The one-kilometer-long Zaishui Art Museum in China, designed by Japanese architect Junya Ishigami, contains apertures that allow water to flow over the museum floor.
The 20,000-square-meter linear museum is situated on an artificial lake at the entrance of a new development zone in Rizhao, Shandong Province, China. It nearly fills the lake’s diameter as it runs from one side to the other.
Ishigami intended for the Zaishui Art Museum to have an under-the-lake vibe. A thin concrete roof with a gently curved shape is supported by parallel columns that rise from the lake’s bottom.
“Columns repeated at regular intervals define the new surface of the water, while the water’s edge created by that surface defines the new ground,” Ishigami said. “A new exterior is born, in the structure’s interior.”
Visitors may see the lake through glass panels placed between the columns; Ishigami purposefully left spaces where the floor of the building meets the lake’s surface.
As a result, sections of the floor become submerged when water seeps into the structure. Even though the water’s surface will freeze in the winter, the water below will still be liquid and will still flow within.
In such a fresh natural setting designed within a piece of architecture, one perceives an exterior in which the scene inside segues into that outside,” Ishigami stated.
The concrete roof of the Zaishui Art Museum curves and hangs low in certain sections, emulating the shape of the surrounding mountain range. A portion of the museum’s roof opens to the sky, allowing natural light to enter the structure.
Ishigami claims that the project’s goal was to confront how Chinese architecture is typically “closed off” from the outside world.
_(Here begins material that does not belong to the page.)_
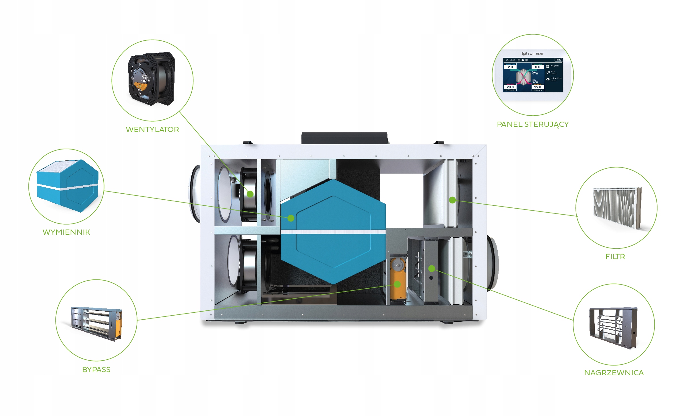 Обмінники HRV передають енергію у вигляді тепла. Для цього витяжне і припливне повітря проходять через повітроводи в протилежних напрямках. Тепле повітря надходить через тонкі канали назовні. Проходячи через ці тонкі канали, холодне вхідне повітря нагрівається теплим витяжним повітрям, що проходить через паралельні пластикові листи.

“From the tiniest abode to the most monumental edifice, everything feels in some way defensive. There’s an air of resignation, of a forced severing from the environment, a compulsion to close off,” he said.
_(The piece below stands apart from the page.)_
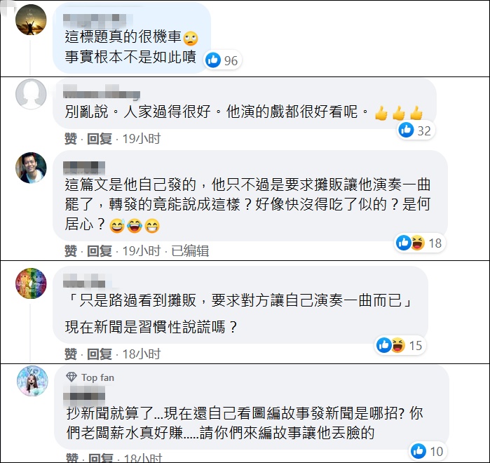 然而在這些台媒的報道中,卻煞有介事地造謠稱黎耀祥來到大陸工作後似乎「發展不順,晚景凄涼」,還形容他賣樂器的畫面「看起來有些辛酸」,直到文末才簡單提了一嘴「原來這是他旅遊時的視頻」。這波「新聞造假」博眼球也被台灣網友刷屏怒罵,「這標題真的很機車哎」「以前是抄新聞,現在都開始編新聞了嗎……」

Rather, Ishigami thinks the secret is to see architecture as a “gentle giant” of the surroundings and look for a different way to combine the natural and the artificial.
“One discovers a natural environment inside the building, and through its characteristics – as a new outside that has sprung up within the building – forges an amiable connection with the surrounding nature,” he said.
Ishigami created a tourist hub hidden under a large grass-covered roof across from the museum.
Similar to the Zaishui Art Museum, the visitor centre has a large aperture on the side facing the museum and a glass facade held up by columns.
The museum’s one-kilometer-long body is connected to the coast by two walking routes on either side, where guests are free to stroll and take in the surrounding scenery.
At the moment, the museum is hosting an art exhibition with a chocolate theme. The studio claims that the structure can be modified in the future to house other kinds of exhibitions and retail ideas.
In 2006, Ishigami established his own company, Junya Ishigami + Associates, following four years of employment with the Pritzker Architecture Prize-winning SANAA studio.
His other recent projects include an underground Japanese restaurant and house covered in mud, as well as a covered plaza at a Japanese university with a sloping floor.